Late last year FFmpeg introduced a filter to transcribe audio using whisper.cpp: https://ffmpeg.org/ffplay-all.html#whisper-1. I tried this guide but have errors when I try the following command. I want it to run on my RTX 3090, using whisper-cli woks fine with CUDA.
ffmpeg -i https://github.com/vpalmisano/webrtcperf/releases/download/videos-1.0/gvr.mp4 -vn -af "whisper=model=ggml-large-v3.bin :language=en :queue=3 :destination=output.srt :format=srt" -f null -
My NixOS config:
# Packages
nixpkgs = {
config = {
cudaSupport = true;
allowUnfree = true;
};
};
environment.systemPackages = [
(pkgs.ffmpeg-full.override {
withUnfree = true;
})
pkgs.whisper-cpp-vulkan
];
programs.nix-ld.libraries = [
config.boot.kernelPackages.nvidia_x11
];
hardware = {
graphics.enable = true;
nvidia = {
nvidiaSettings = true;
open = true;
};
};
Error Log:
ffmpeg version 8.0 Copyright (c) 2000-2025 the FFmpeg developers
built with gcc 14.3.0 (GCC)
...
Input #0, mov,mp4,m4a,3gp,3g2,mj2, from 'https://github.com/vpalmisano/webrtcperf/releases/download/videos-1.0/gvr.mp4':
Metadata:
major_brand : isom
minor_version : 512
compatible_brands: isomiso2avc1mp41
encoder : Lavf61.9.100
Duration: 00:01:53.00, start: 0.000000, bitrate: 1201 kb/s
Stream #0:0[0x1](und): Video: h264 (High) (avc1 / 0x31637661), yuv420p(tv, bt709, progressive), 1920x1080 [SAR 1:1 DAR 16:9], 1122 kb/s, 30 fps, 30 tbr, 15360 tbn (default)
Metadata:
handler_name : ISO Media file produced by Google Inc.
vendor_id : [0][0][0][0]
encoder : Lavc60.35.100 libx264
Stream #0:1[0x2](eng): Audio: aac (LC) (mp4a / 0x6134706D), 48000 Hz, mono, fltp, 70 kb/s (default)
Metadata:
handler_name : ISO Media file produced by Google Inc.
vendor_id : [0][0][0][0]
/build/source/ggml/src/ggml-backend.cpp:501: GGML_ASSERT(device) failed
/nix/store/r2x6hdy8y2b3czsg3993rjz3mh687dkc-whisper-cpp-1.8.2/lib/libggml-base.so(+0x143fd) [0x7fd6411ef3fd]

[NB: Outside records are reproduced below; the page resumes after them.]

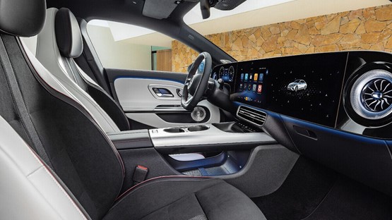 Angezeigt werden die Informationen des neuen Infotainmentsystems auf bis zu drei Bildschirmen. Hinzu kommt ein grossflächiges Head-up-Display, das die wichtigsten Informationen ins Sichtfeld des Fahrers projiziert. Auf dem optionalen Beifahrerdisplay kann ausserdem auf Streaming-Dienste wie Disney+ zugegriffen oder können, via kabellosen Bluetooth-Controller, Videospiele gespielt werden. Auf dem Hauptbildschirm für den Fahrer werden diese Dienste natürlich nur im Stand angezeigt.
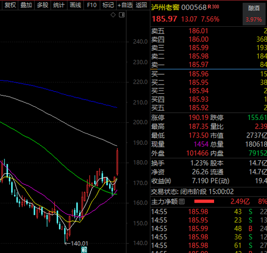 成长型大盘股今天普遍逆市上扬,包括白酒、医药、新能源等,均是成长型大盘股的代表标的。其中,白酒板块的泸州老窖接连大涨,昨天涨幅超过4%,今天涨幅接近8%;A股股王贵州茅台也大涨近3%。
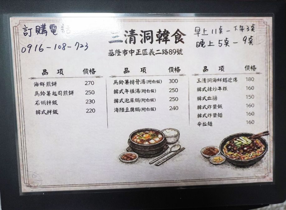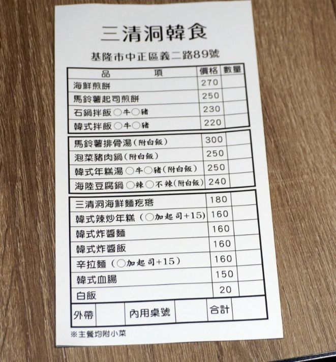 三清洞韓食基隆分店的菜單
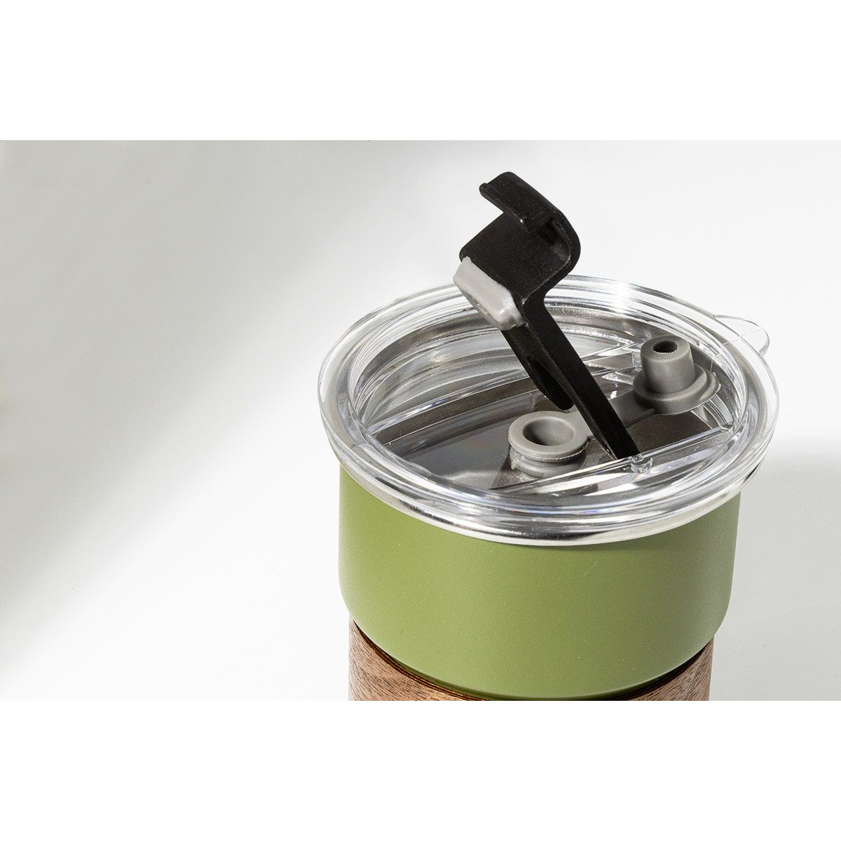Jednostěnný cestovní hrnek z recyklované nerezové oceli s úchopem z ořechového dřeva, plastovým víčkem a brčkem z recyklované nerezové oceli. 260 ml.
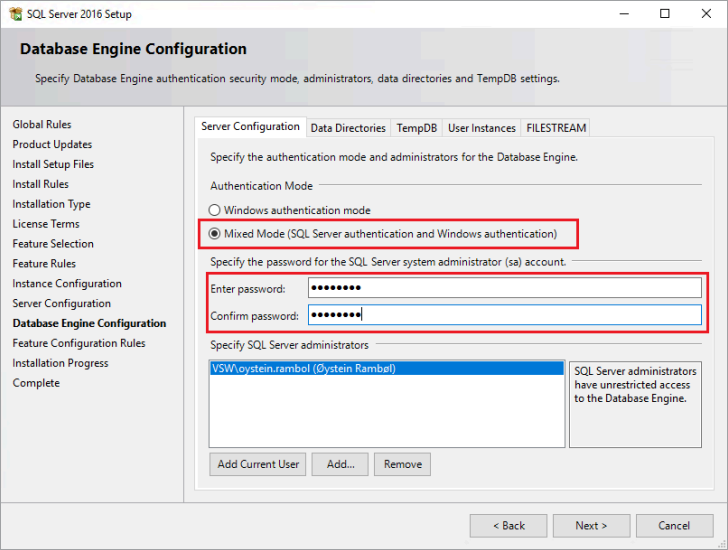 Skriv også inn et passord for SAbrukeren i SQL-serveren.
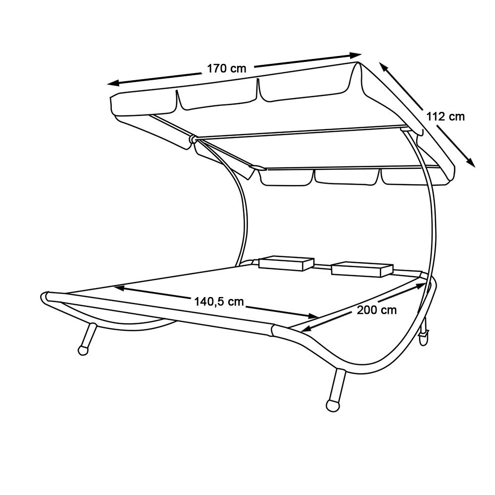 A kétszemélyes kerti ágy ideális választás páros kikapcsolódáshoz. Tágas fekvőfelülete kényelmes elnyújtózást biztosít, akár árnyékban, akár napsütésben szeretnél pihenni.
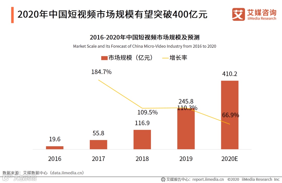 iiMedia Research(艾媒咨询)数据显示,中国短视频市场增长迅速,近年增长速度都在60%以上,2020年市场规模更有望达到410.2亿元。艾媒咨询分析师认为,短视频自身形式丰富、片段化、趣味化的特点,使其更适合新的营销趋势,加上直播电商在短视频领域的应用加深,其市场发展前景值得期待。
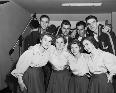 Schools. Laneri High School. Front row left to right, Laura Twitty, Mary Jo Mackey, Barbara Steffen, and Peggy Dougherty, Back row, left to right, David Kerns, Charles Laue, Bobby Carrigan, and Jimmy Bizzell.
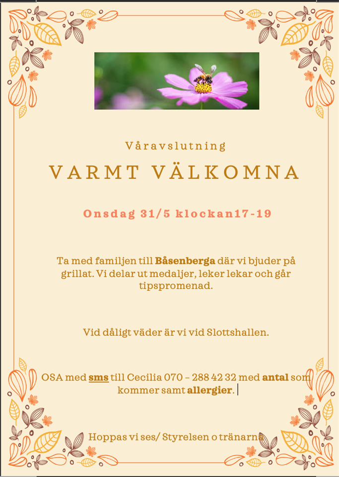 Hej Vi bjuder in alla barn med familjer på en avslutningsfest i Båsenberga (Lilla backen) Se inbjudan och glöm inte att OSA med ett SMS till Cicci senast 26/5 Hoppas vi ses/ Styrelsen Ekbackskyrkans IBK 15 maj 2023 0kommentarer
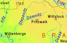 The Stepenitz is a river in the district of Prignitz, Brandenburg, Germany. It is a right tributary of the Elbe and runs for approximately 84 kilometers. The Dömnitz is a left tributary of the Stepenitz.
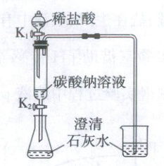 24. (2025·河南)某同学设计如图所示装置进行实验(夹持仪器略去,K₁、K₂均关闭)。打开K₁,待液体全部流下,关闭K₁,观察到烧杯中的溶液变浑浊;充分反应后,打开K₁、K₂,使液体全部流入锥形瓶,瓶中无明显现象。
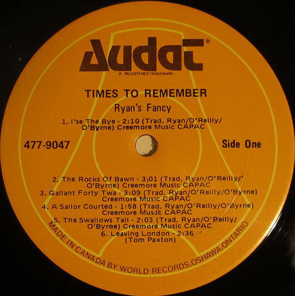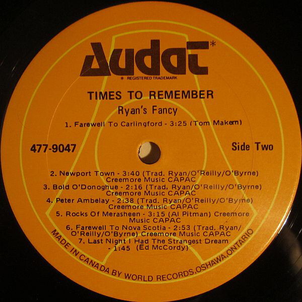Collectively, Ryan's Fancy ramble through life spreading happiness and good times wherever they go. They sing their songs with a right good will and enjoy singing them. Their audiences enjoy hearing them and always come away from a performance feeling better for having been there. Catch them "live" if you can at all, or lend an ear to this record and I know that Ryan's Fancy will tickle your fancy, just as they have mine.
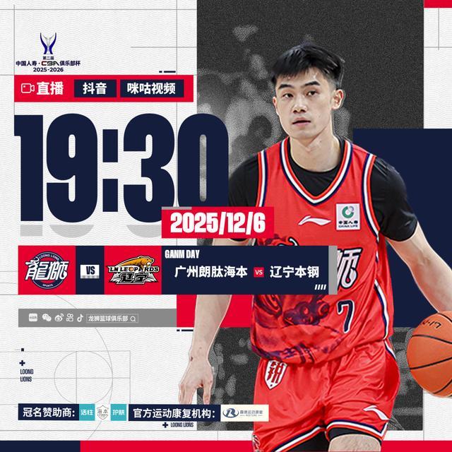 龙狮篮球俱乐部2025-12-06 15:02:44第二届中国人寿·CBA俱乐部杯小组赛 第三场⏰2025年12月6日 今晚 19:30广州朗肽海本 - 辽宁本钢直播:咪咕视频 & 抖音CBA俱乐部杯
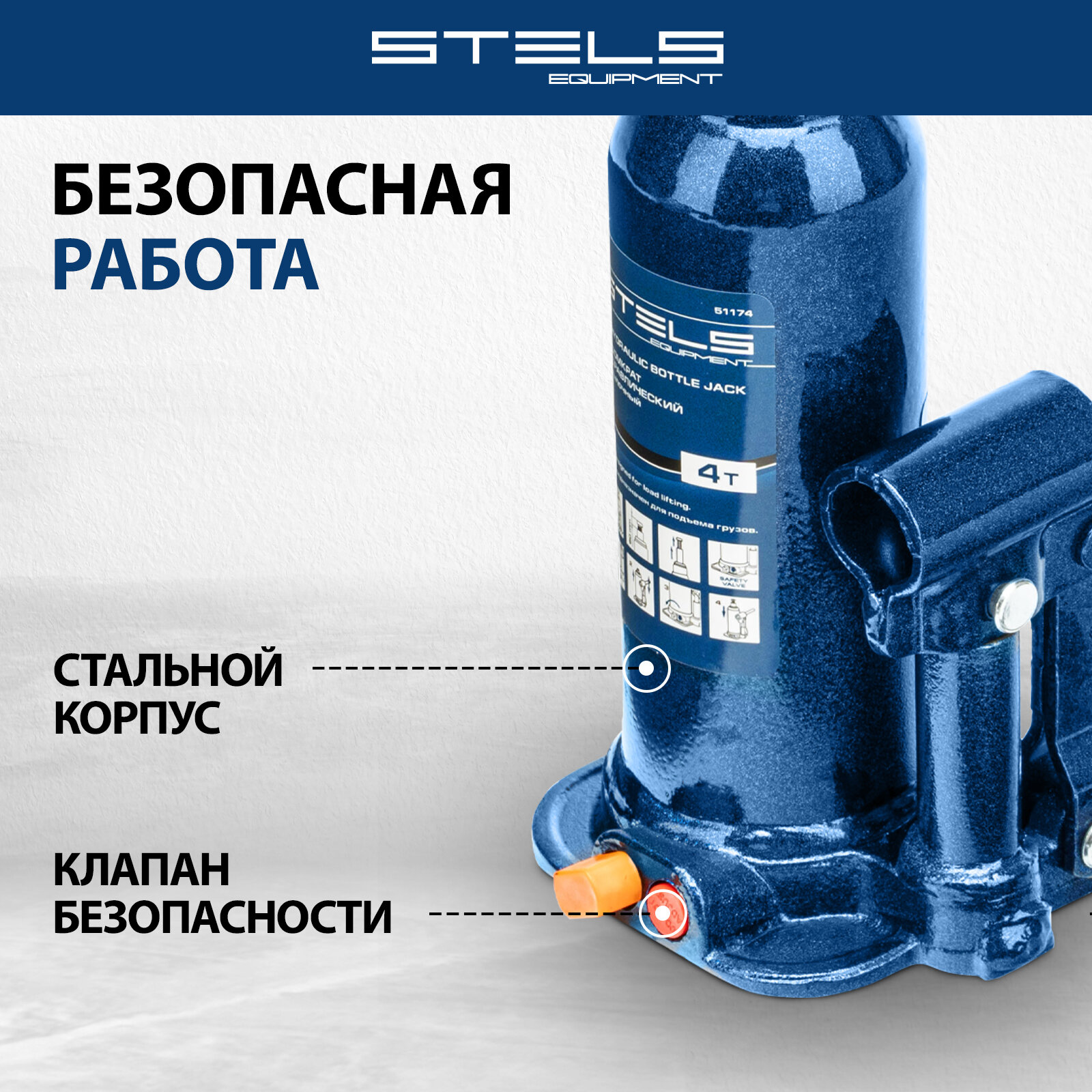 STELS Домкрат гидравлический бутылочный, 4 т STELS 51174
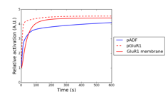 Figure 3.1.3: Simulated phosphorylation profiles of synaptic plasticity related proteins by using AMPAR trafficking model. Red, red dashed, and blue lines represent relative concentration of membrane trafficked GluR1, intracellular GluR1, and phosphorylated cofilin, respectively.
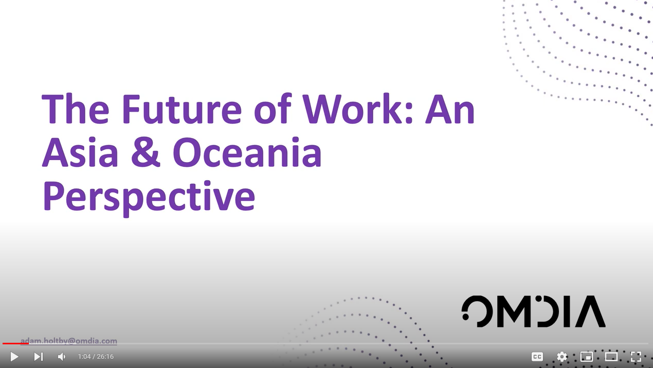 View this free session from Enterprise Connect 2023 presented by Omdia research analyst Adam Holtby. Holtby presents the results of a recent survey of APAC-based enterprises regarding the future of work. Learn how businesses throughout the region are dealing with the challenges, and where they see the future trends heading.
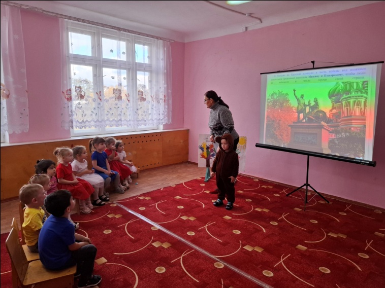 Осенний праздник «Тучка — Проказница»Опубликовано: 07-11-2024 19:00подготовил воспитатель: Свирина Н. Ю. На празднике осени в старшей разновозрастной группе "Радуга" действительно было много увлекательных событий! Дети проявили свои таланты: они пели, танцевали, рассказывали стихи, отгадывали загадки, что создало атмосферу радости и веселья. Когда появилась проказница тучка (воспитатель Рудова Е. Н.), она добавила немного интриги в праздник. Дети смело спели песенку с тучкой, прятались под зонтиками, создавая игривую атмосферу. Игра с лужами была особенно забавной — дети активно участвовали, прыгая и веселясь. В конце праздника осень (воспитатель Коломыцева И. В.) щедро угостила детей яблоками, что стало прекрасным завершением мероприятия. Такие праздники не только развлекают, но и учат детей работать в команде, развивать творческие навыки и ценить природу. ![]() ![]() ![]() ![]() ![]() ![]() ![]() День народного единства в старшей разновозрастной группе «Радуга»Опубликовано: 07-11-2024 19:00подготовил воспитатель: Коломыцева И.В.

/nix/store/r2x6hdy8y2b3czsg3993rjz3mh687dkc-whisper-cpp-1.8.2/lib/libggml-base.so(ggml_print_backtrace+0x216) [0x7fd6411ef7b6]
/nix/store/r2x6hdy8y2b3czsg3993rjz3mh687dkc-whisper-cpp-1.8.2/lib/libggml-base.so(ggml_abort+0x144)[0x7fd6411ef974]
/nix/store/r2x6hdy8y2b3czsg3993rjz3mh687dkc-whisper-cpp-1.8.2/lib/libggml-base.so(+0x26507) [0x7fd641201507]
/nix/store/r2x6hdy8y2b3czsg3993rjz3mh687dkc-whisper-cpp-1.8.2/lib/libwhisper.so.1(+0x360f3) [0x7fd656da50f3]
/nix/store/r2x6hdy8y2b3czsg3993rjz3mh687dkc-whisper-cpp-1.8.2/lib/libwhisper.so.1(+0x38753) [0x7fd656da7753]
/nix/store/r2x6hdy8y2b3czsg3993rjz3mh687dkc-whisper-cpp-1.8.2/lib/libwhisper.so.1(whisper_init_with_params_no_state+0x29e) [0x7fd656da9e6e]
/nix/store/r2x6hdy8y2b3czsg3993rjz3mh687dkc-whisper-cpp-1.8.2/lib/libwhisper.so.1(whisper_init_from_file_with_params_no_state+0x1ab) [0x7fd656dadf2b]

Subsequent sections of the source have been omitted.